In Paris on the other hand, the stripe was clear and dark. It was the first full day of our holiday and I was knocked up! Astonishingly for the first time in my life, I’d actually bothered to record the dates of my last period so I could calculate how far along I was (4 weeks).

The pregnancy was planned, but happened unexpectedly quickly. We’d only been trying for two months. One piece of very good luck is that my close friend Tanya was visiting Paris at the same time as us. Tanya was pregnant with her second child, so of course I told her and then picked her brain.

I bought my first things for the baby in Paris, a Le Petit Prince spoon and bowl.

I also did some reading, but didn’t have time to do a whole lot of research (or thinking) because of the holiday.
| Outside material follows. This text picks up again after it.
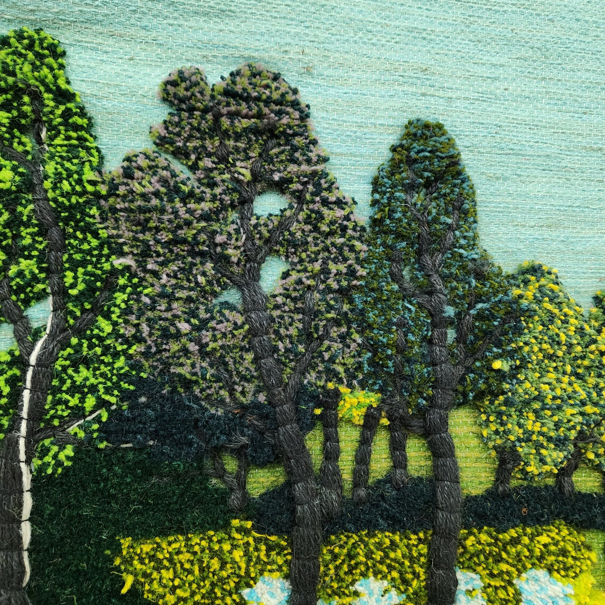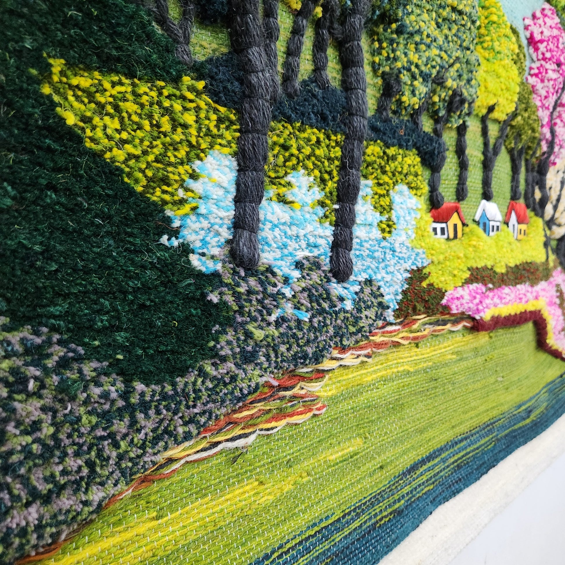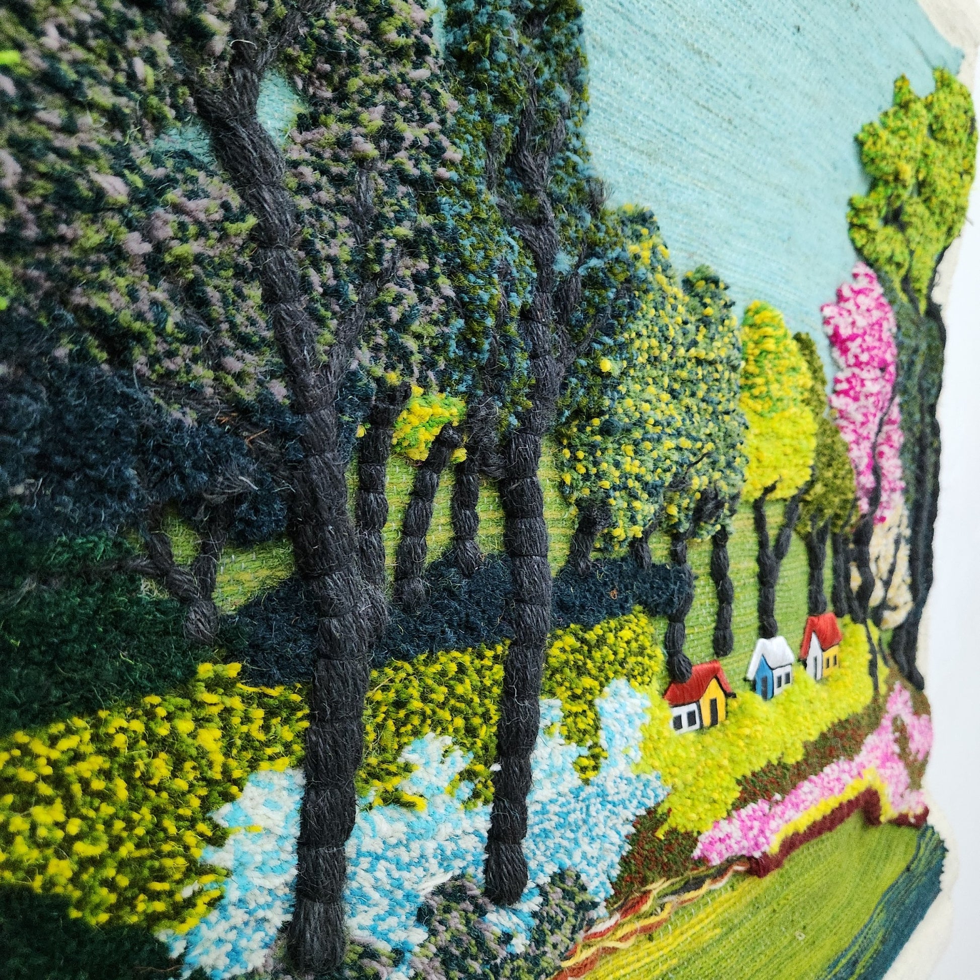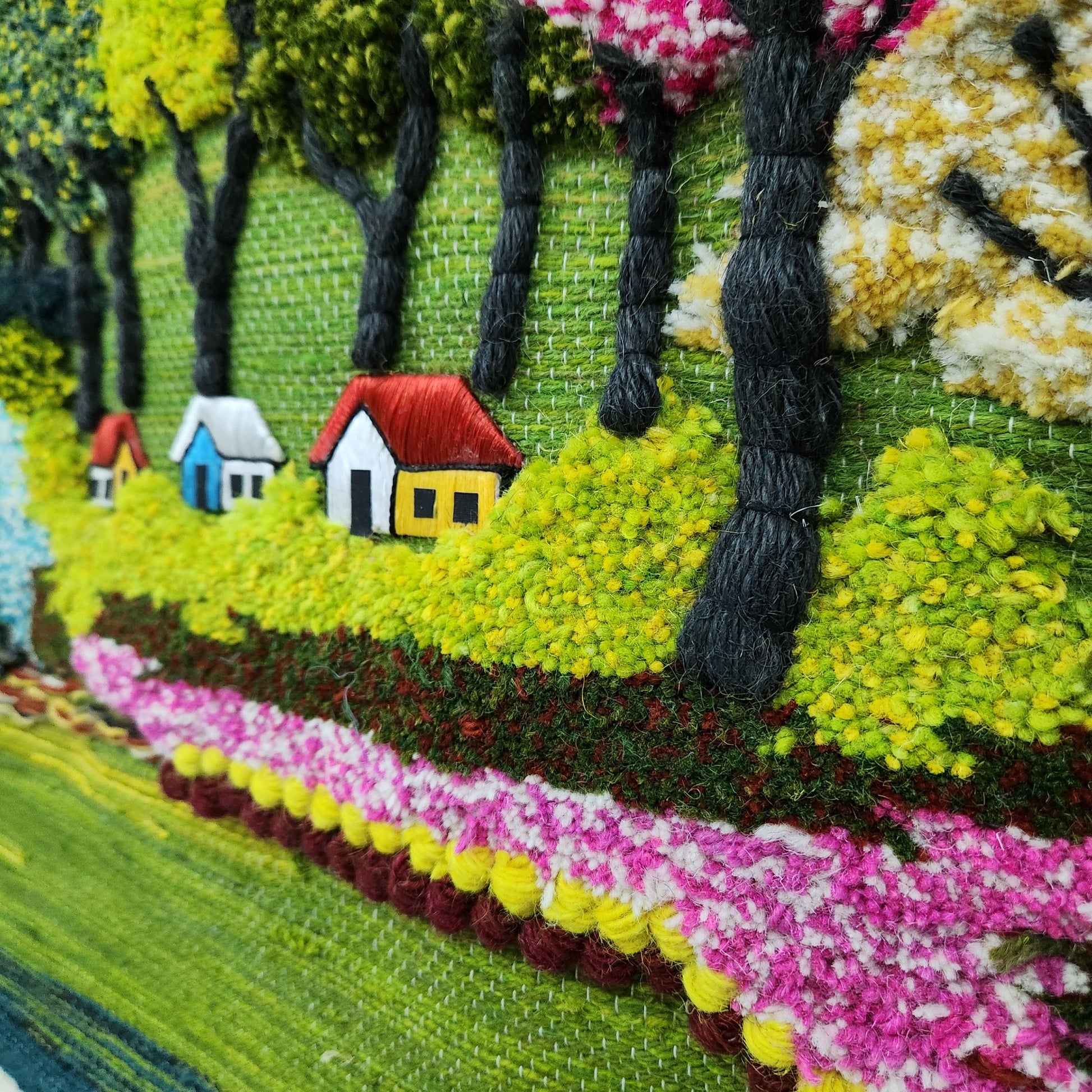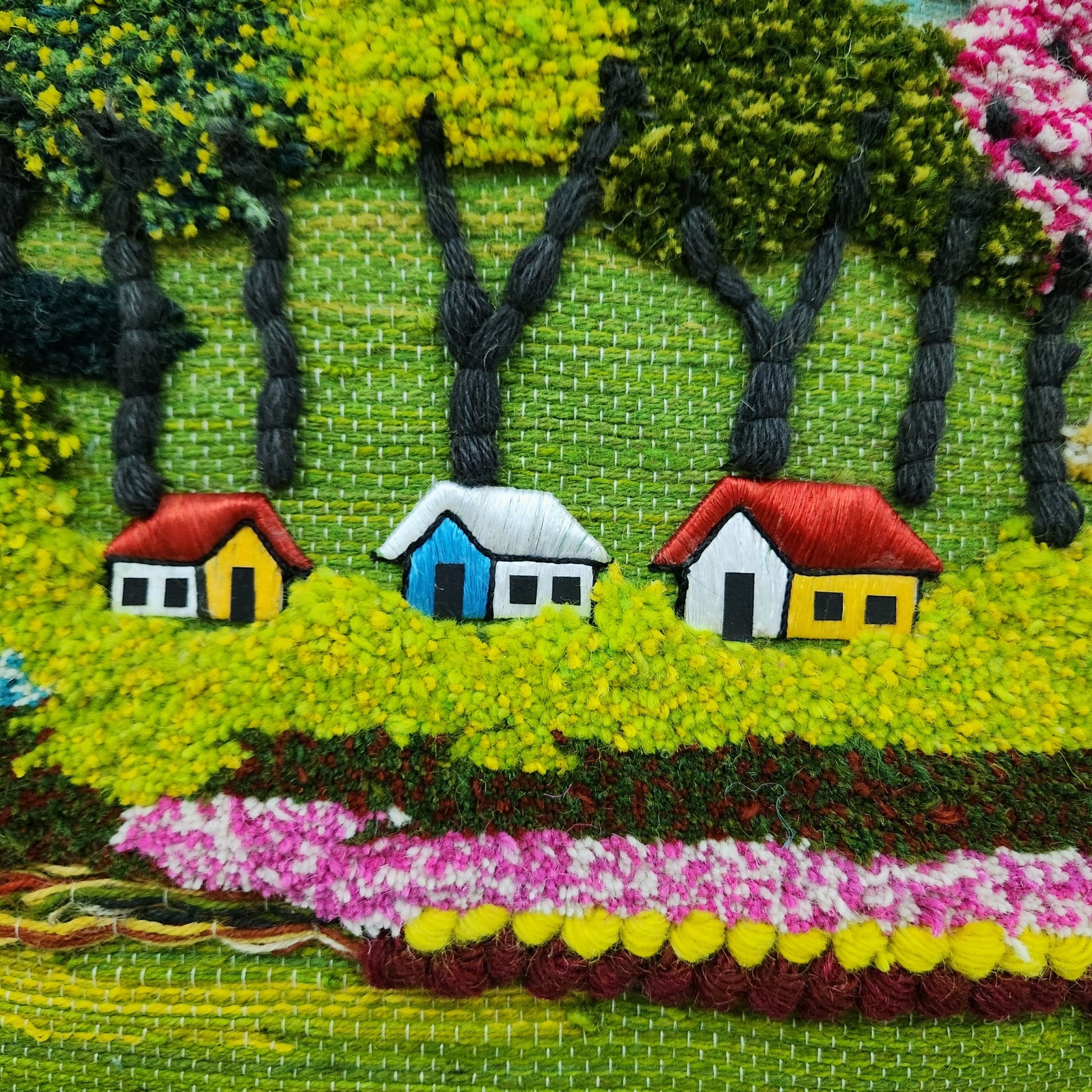 Jute & Wool Wall Hanging HandMade Indian Tapestry 3D Hut Tree Sky Greenery

This was a good thing in many ways as it stopped me from getting overly anxious about things. I was moderately careful about what I ate (fortunately I don’t like most of the forbidden foods and I don’t drink so it wasn’t much of a hardship).

In terms of symptoms, other than the breast soreness there wasn’t much to begin with. I did get a head cold on our second day in Paris but other than that and a bit of tiredness I was feeling ok. But what a place to find out!